Марко брел на подгибающихся ногах, не думая об осторожности, совершенно изнемогший. Встреться ему в такую минуту Михаил, потребуй объяснений – и губами не смог бы шевельнуть, не то что отбиться в случае нужды! Но почему-то уже через четверть часа силы возвращались к нему, мышцы крепли, воспоминания о белопенной Анисье оживали в голове… а в штанах твердел, оживал, наливался нетерпеливой силой тот кусочек его тела, который только что казался навеки изнемогшим, опустошенным, умершим. И Марко с суеверным восторгом, который был сродни ужасу, думал, что не иначе она зачаровала его. Околдовала!

Она могла… Марко не сомневался, что Анисья все могла!

Они редко говорили, но порою все же хватало времени не только для объятий. Однажды Анисья дала Марко шелковый мешочек, в котором тонко и сухо что-то шелестело, и сказала, что это – трава осот, весьма большое подспорье в торговых делах.

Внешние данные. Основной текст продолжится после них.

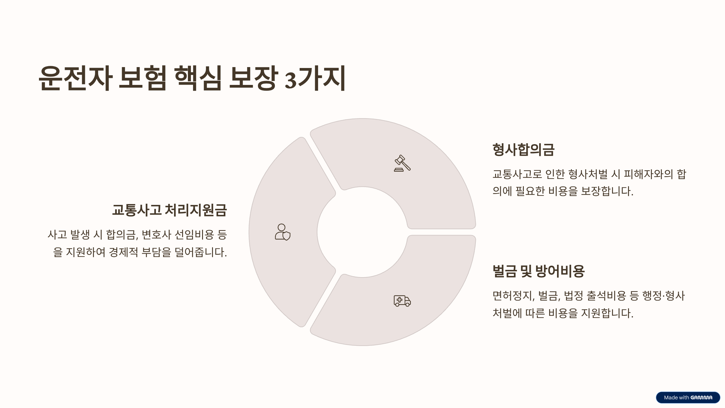 운전자 보험에는 여러 특약이 있지만, 절대 놓쳐서는 안 될 가장 중요한 3가지 핵심 보장이 있어요. 바로 '교통사고처리지원금', '벌금', '변호사 선임비용'이랍니다.

Марко верил только в свою удачу, но подарок принял с благодарностью. Только cвятая мадонна знает, в чем крылась причина – в удаче или в осоте, но невозможно было не заметить, как улучшились вдруг его дела! Мало того, что Михайла не изменил слову и не взвинтил цену на свой товар, не передал его другому покупателю, хотя мог теперь, после пожара, выбирать. Марко продал меха с такой выгодой, какой даже предположить не смел в самых радужных мечтах. Он мог бы уже возвращаться в Венецию, но рассудил, что прежде возьмет партию хорошего товара, например, меду. Опять пришлось подождать немного… до конца лета.

Разгоряченная плоть одобряла такое решение – в самом деле, как это так, вдруг расстаться с Анисьей? Да разве они уже довольно натешились друг другом? Нет, Марко подождет. И до исхода лета, и до глубокой осени, потому что это значило увезти с собой не только мед, но и чистейший воск. А потом вдруг явилась ему в голову отличная мысль: прикупить еще мехов на первых зимних торгах! И опять новая – да еще какая догадка: а зачем вообще ждать торгов в Москве? Не лучше ли поездить с Михайлой по охотничьим угодьям, где можно набрать меха вдвое, втрое, вчетверо дешевле? Впрочем, он уже тогда знал, что никуда не поедет: посулит хороший барыш Михайле – и зашлет его по знакомым промысловикам, а сам останется.

Останется с Анисьей.

Дни шли за днями, и он все больше привязывался к своей чаровнице. А Анисья… Анисья не замыкалась в загадочном молчании, не заводила глаза к небесам, не играла во внезапные охлаждения – все эти мелкие ухищрения женского кокетства были ей чужды. Бесстыдно откровенна была московская купчиха в желании наслаждаться своей молодостью, красотой, любовью – и также молодостью, красотой и любовью Марко. Но с пылкостью и сладострастностью взрослой, опытной, вечно неудовлетворенной женщины уживались в ней легкость нрава, почти девчоночья простота. Так, она старалась для приличия уменьшить тяжесть греха: снимала с себя крест, готовясь к встрече с любовником. Марко знал, что некоторые супруги, прежде чем ложиться в постель, завешивают даже образа, но в мыльне-то образов ни у кого не водилось, а крест, входя в столь опасное место, православные и так снимают. Вот грех и творился шито-крыто.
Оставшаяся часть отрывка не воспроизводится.